Poster Presentation HUPO 2019 - 18th Human Proteome Organization World Congress

Development of sandwich antibody microarrays to validate a panel of potential protein biomarkers of osteoarthritis (#815)

Rocío Paz-González 1 , María Camacho-Encina 1 , Valentina Calamia 1 , Lucía Lourido 1 , Patricia Fernández-Puente 1 , Beatriz Rocha 1 , Lucía González-Rodríguez 1 , Cristina Ruiz-Romero 1 2 , Francisco J Blanco 1
  1. Instituto de Investigación Biomédica de A Coruña (INIBIC-CHUAC), A Coruña, Spain
  2. CIBER-BBN Instituto de Salud Carlos III, INIBIC-CHUAC, A Coruña, Spain

In complex diseases such as osteoarthritis (OA), the measurement of multiple biomarkers is expected to provide valuable information to improve diagnosis, prognosis and therapy monitoring. Bead-based xMAP technology offers a flexible and open platform to simultaneously quantify proteins. The aim of this study has been to develop sandwich antibody microarrays to validate a panel of 6 potential OA biomarkers in clinical samples.

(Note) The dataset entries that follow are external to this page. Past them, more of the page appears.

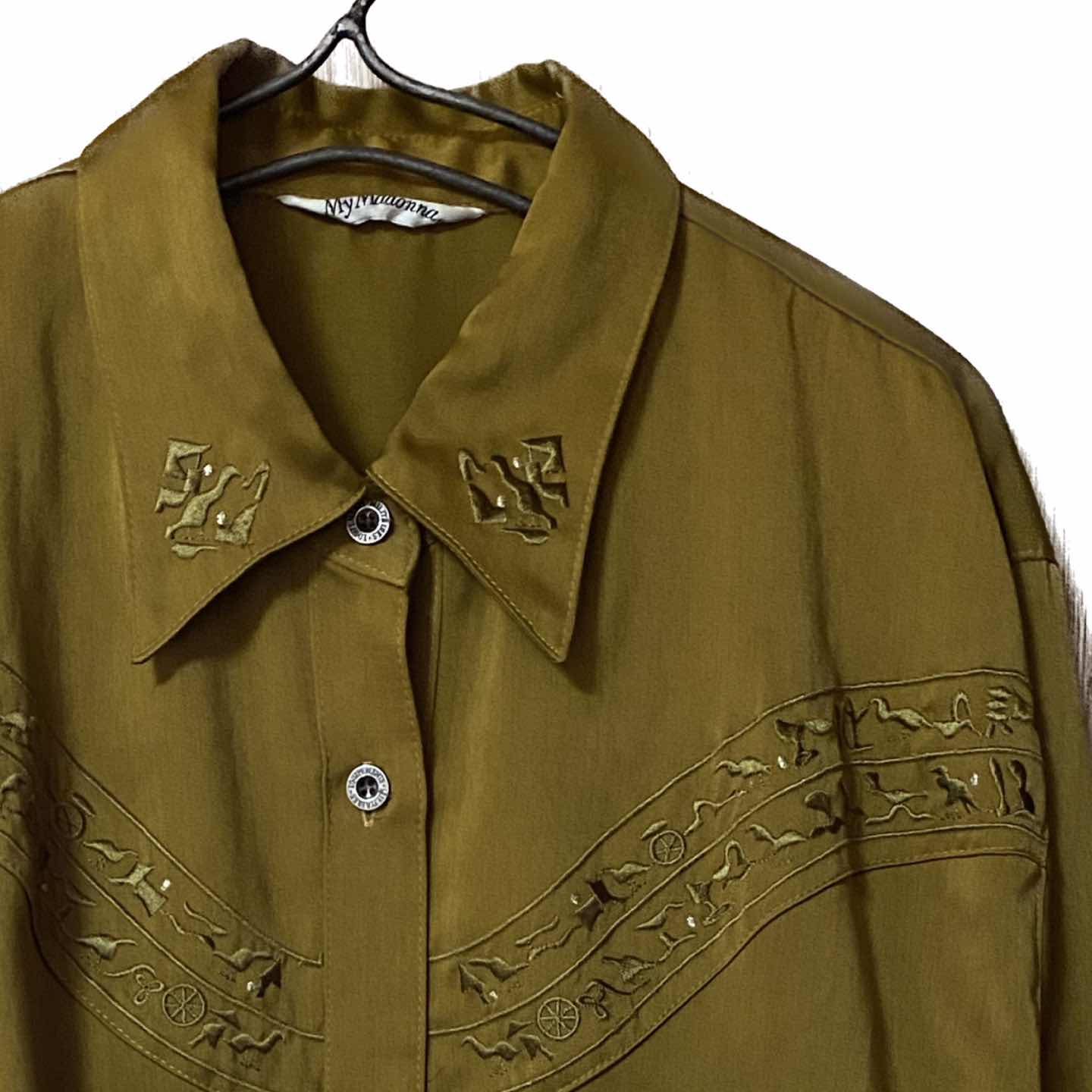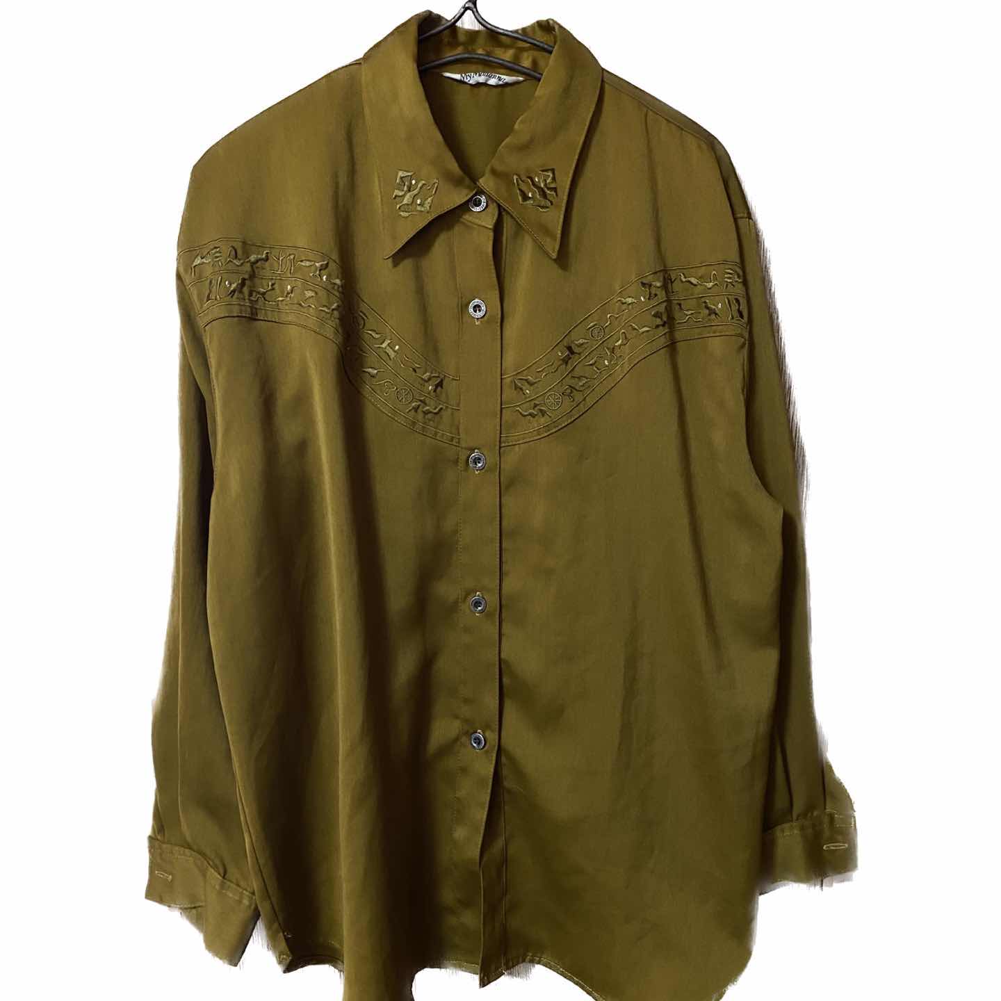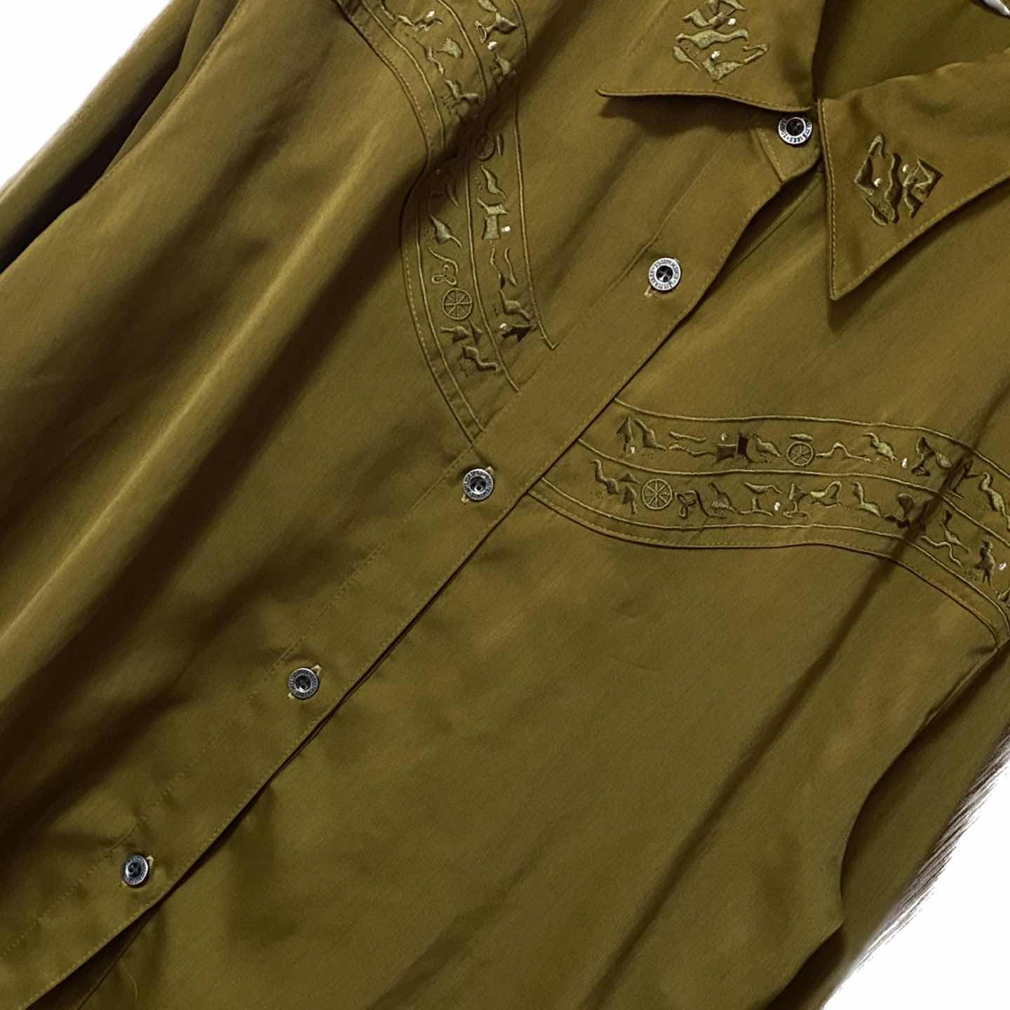 美品 60-70s ヴィンテージ チンスト 刺繍シャツ Vタグ ハ襟L
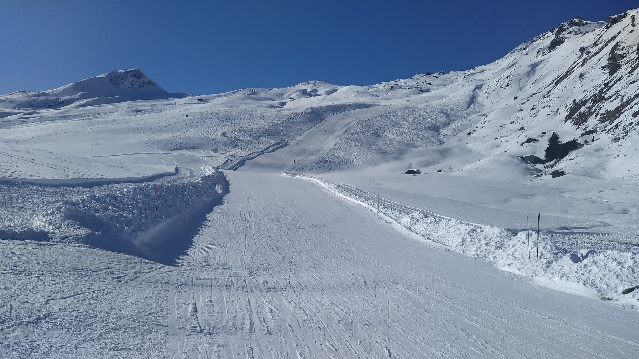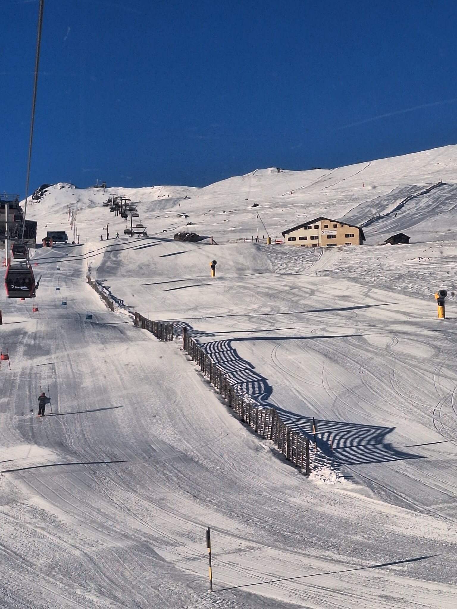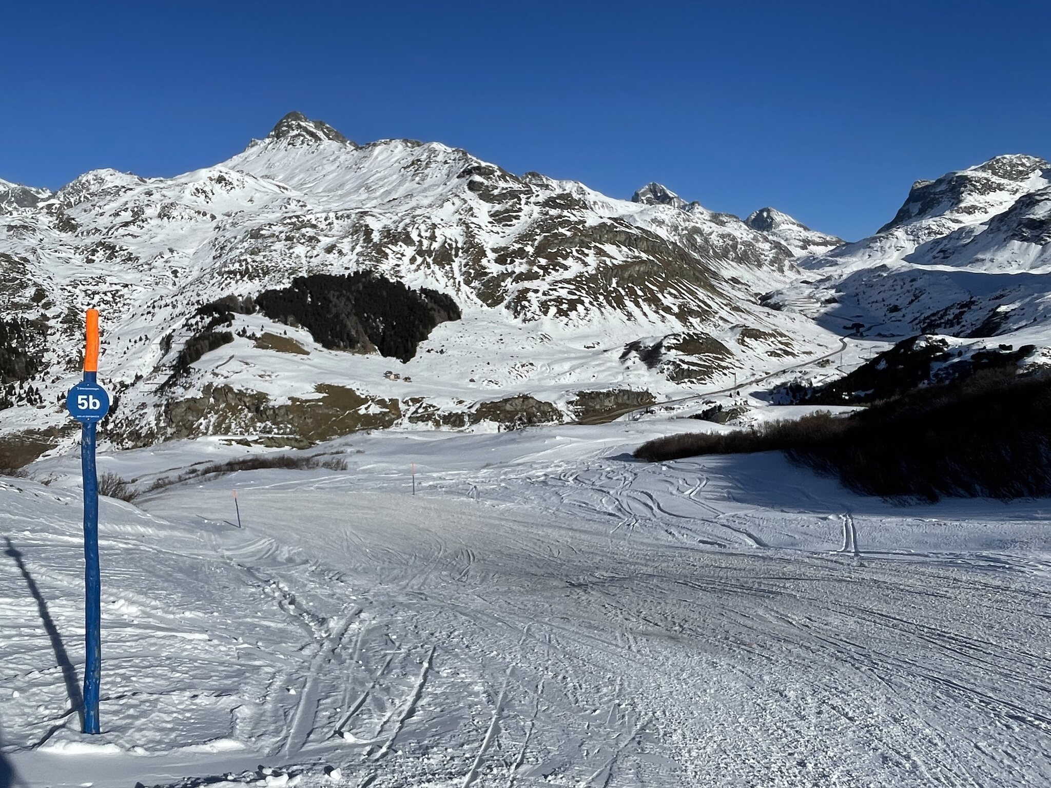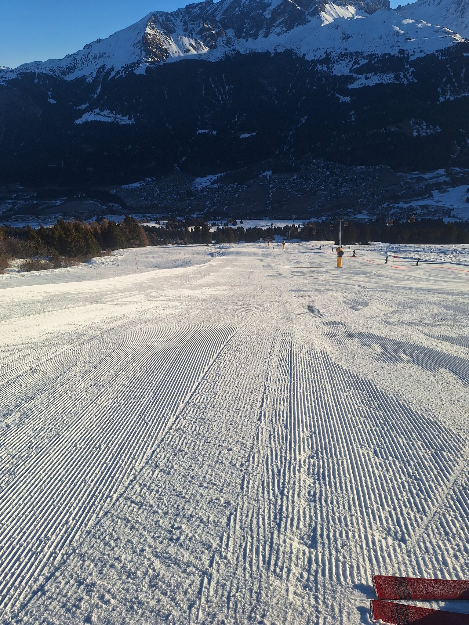 Die offenen Pisten am SL Tua und insbesondere beim SL Al Cant waren sehr steinig, da hätte ich lieber die alten Ski gehabt. Am SL Camon waren die Pisten top präpariert und ohne Steine, ich nehme an dort wurden alle vorhandenen Kanonen eingesetzt. Es hatte fast keine Leute auf den Pisten. Sonne satt.
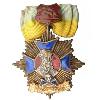 Круглая медаль из позолоченной бронзы без приподнятого края. Сверху широкая гладильная проушина для протягивания ленты.
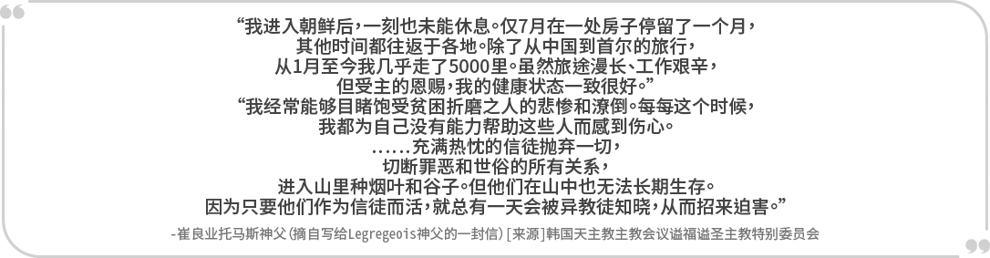 崔良业托马斯神父因受到迫害而失去了崔京焕弗朗西斯和李圣礼玛利亚,虽经常要过流离失所的流亡生活,但却始终未放弃信仰。来到首尔后,15岁的他与金大建等一同被法国传教士选为神学生,后到澳门留学,接受司祭叙品。他为了回到韩国展开活动,在中国、辽东地区司牧,在看准机会后,最终时隔13年取得成功。他每天徒步往返于穷乡僻壤,只为主持大小圣事,一天100余里路,一年就是2800余公里。他做司牧超过了11年,在此期间,不光传播天主教,还主张废除身分制度,努力推进社会改革。最后,他在前往首尔报告司牧活动情况的途中,因过劳和感染伤寒病而与世长辞。

Antibody pairs and recombinant proteins tested to work in an ELISA were purchased for each of the 6 analytes of interest. First, 1.6 µg of each monoclonal antibody were coupled to 5x105 of an activated fluorescent bead region and the efficiency of the coupling was confirmed by Phycoerythrin-labelled anti-species antibodies. Assay conditions, including the standard curve range and sample dilution, were optimized for each protein individually. Cross-reactivity of antibodies with the non-target analyte was assessed between those proteins requiring the same sample dilution to generate multiplex sandwich immunoassays. Then, analytical characteristics in terms of accuracy, precision and limit of detection (LLOD) and quantification (LLOQ) were evaluated and finally their utility to quantify the potential biomarkers was assessed.

Individual capture immunoassays were successfully converted for all biomarkers to a protein microarray platform. According to the serum sample dilution, the six proteins were finally grouped in three different immunoassays: a duplex, a triplex and a singleplex sandwich immunoassays. No cross-reactivity was observed for the antibody pairs against the non-targeted proteins. Median Fluorescence Intensity of the negative controls in 8 replicates was used to evaluate the LLOD and LLOQ of each microarray. Precision and accuracy were calculated using 3 different known concentrations of the standards. In all cases precision was below 10% and accuracy ranged between 70–130%.

In conclusion, three different sandwich immunoassays have been successfully developed in a suspension beads array format to absolutely quantify six potential OA biomarkers.